* Task objective *
Find the line containing "Гуаровая камедь чрезвычайно" in the listing below. Repeat it exactly, along with each following line up to and including the one containing "Su tiro es alto, su".

* Input records *
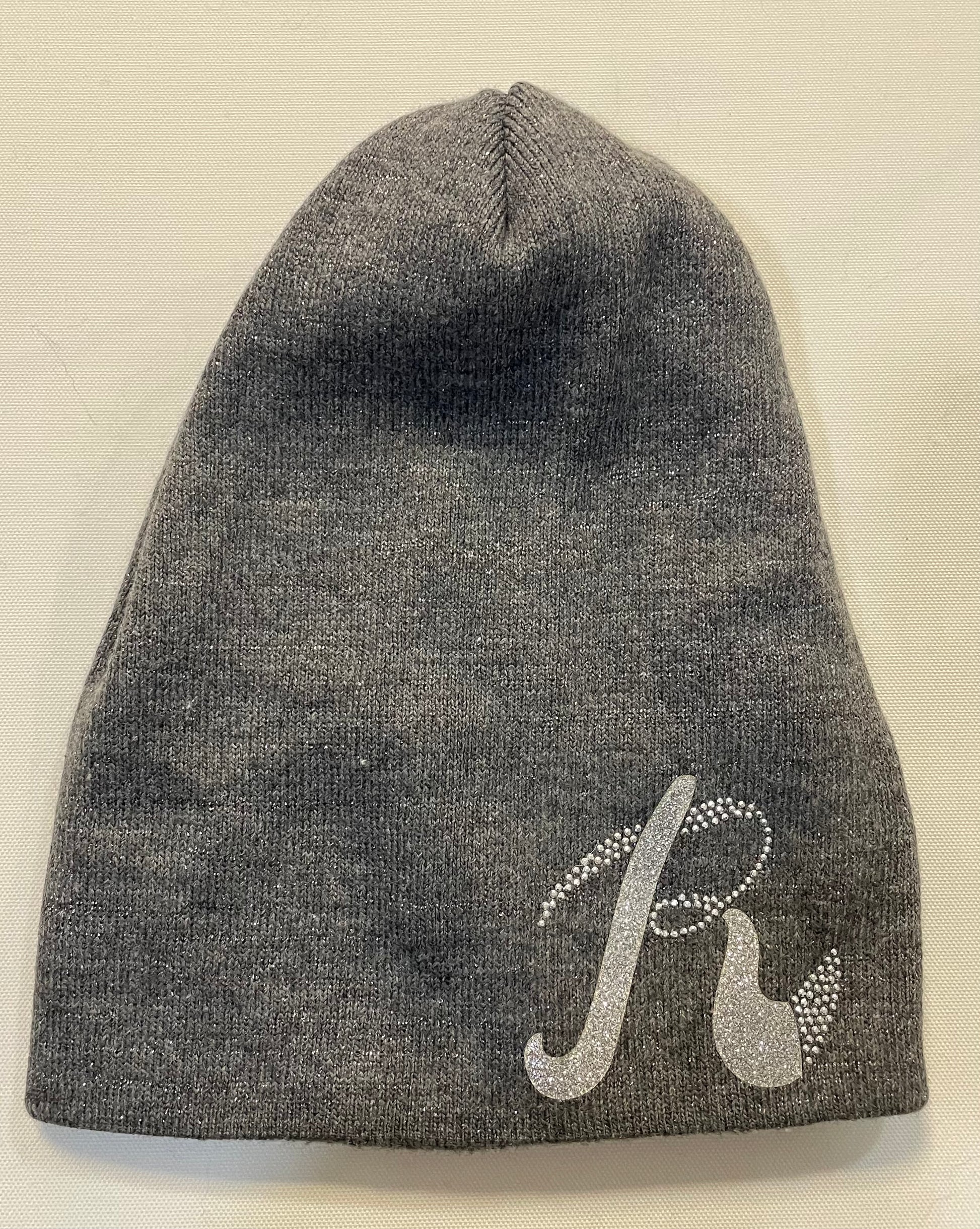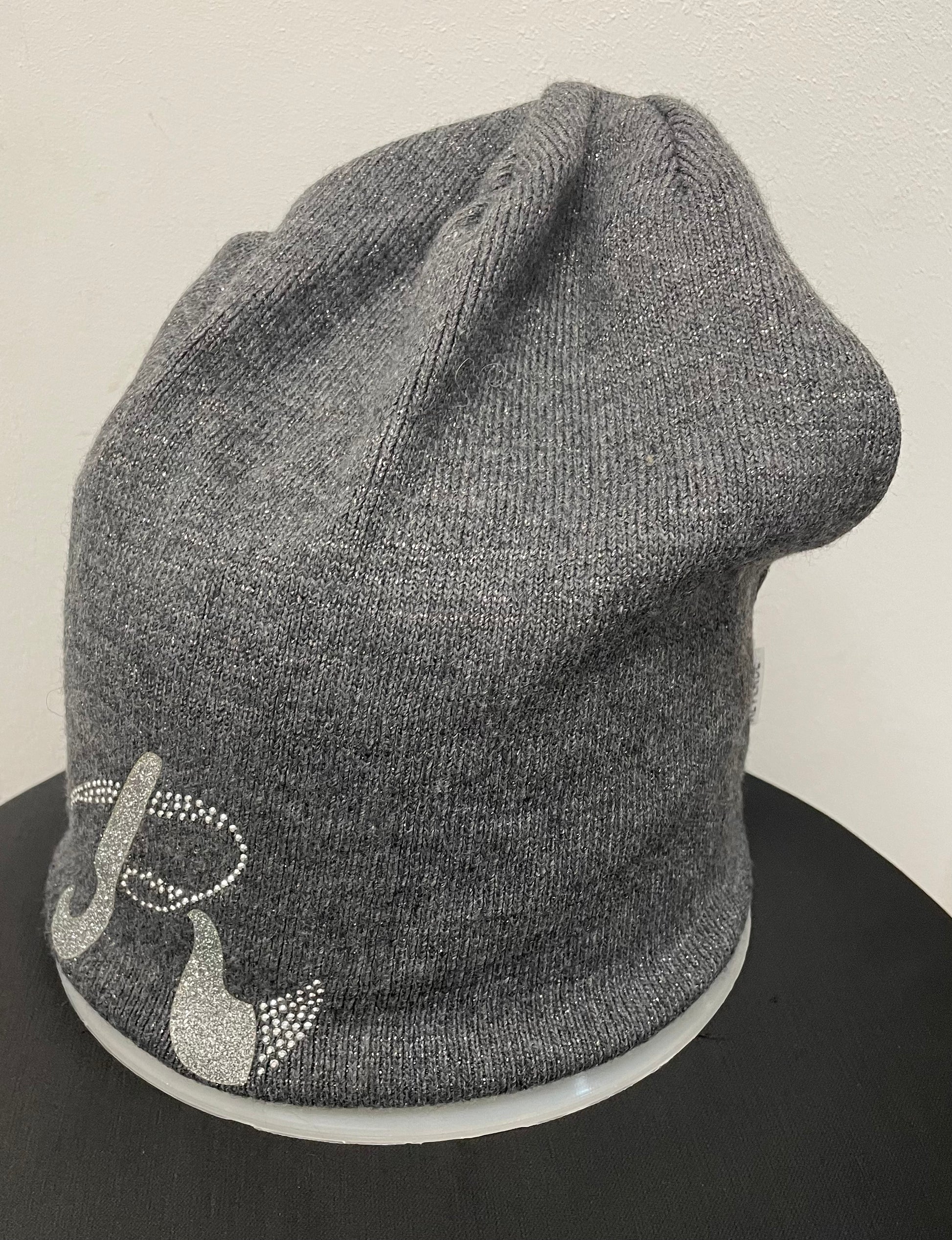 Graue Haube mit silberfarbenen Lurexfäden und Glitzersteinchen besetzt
---
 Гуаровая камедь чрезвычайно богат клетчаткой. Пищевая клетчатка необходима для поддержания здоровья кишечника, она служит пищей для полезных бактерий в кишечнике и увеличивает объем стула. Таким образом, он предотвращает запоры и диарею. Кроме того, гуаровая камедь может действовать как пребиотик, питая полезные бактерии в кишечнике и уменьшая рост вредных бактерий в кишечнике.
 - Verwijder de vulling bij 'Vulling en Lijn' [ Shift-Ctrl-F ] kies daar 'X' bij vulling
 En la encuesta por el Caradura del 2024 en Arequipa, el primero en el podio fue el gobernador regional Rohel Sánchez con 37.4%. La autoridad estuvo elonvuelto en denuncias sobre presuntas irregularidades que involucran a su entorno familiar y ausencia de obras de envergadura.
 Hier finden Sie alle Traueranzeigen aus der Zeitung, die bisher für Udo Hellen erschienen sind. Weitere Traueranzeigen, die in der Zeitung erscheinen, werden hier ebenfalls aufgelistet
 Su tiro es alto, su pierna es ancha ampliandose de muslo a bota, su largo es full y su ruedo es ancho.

* Your response *
 Гуаровая камедь чрезвычайно богат клетчаткой. Пищевая клетчатка необходима для поддержания здоровья кишечника, она служит пищей для полезных бактерий в кишечнике и увеличивает объем стула. Таким образом, он предотвращает запоры и диарею. Кроме того, гуаровая камедь может действовать как пребиотик, питая полезные бактерии в кишечнике и уменьшая рост вредных бактерий в кишечнике.
 - Verwijder de vulling bij 'Vulling en Lijn' [ Shift-Ctrl-F ] kies daar 'X' bij vulling
 En la encuesta por el Caradura del 2024 en Arequipa, el primero en el podio fue el gobernador regional Rohel Sánchez con 37.4%. La autoridad estuvo elonvuelto en denuncias sobre presuntas irregularidades que involucran a su entorno familiar y ausencia de obras de envergadura.
 Hier finden Sie alle Traueranzeigen aus der Zeitung, die bisher für Udo Hellen erschienen sind. Weitere Traueranzeigen, die in der Zeitung erscheinen, werden hier ebenfalls aufgelistet
 Su tiro es alto, su pierna es ancha ampliandose de muslo a bota, su largo es full y su ruedo es ancho.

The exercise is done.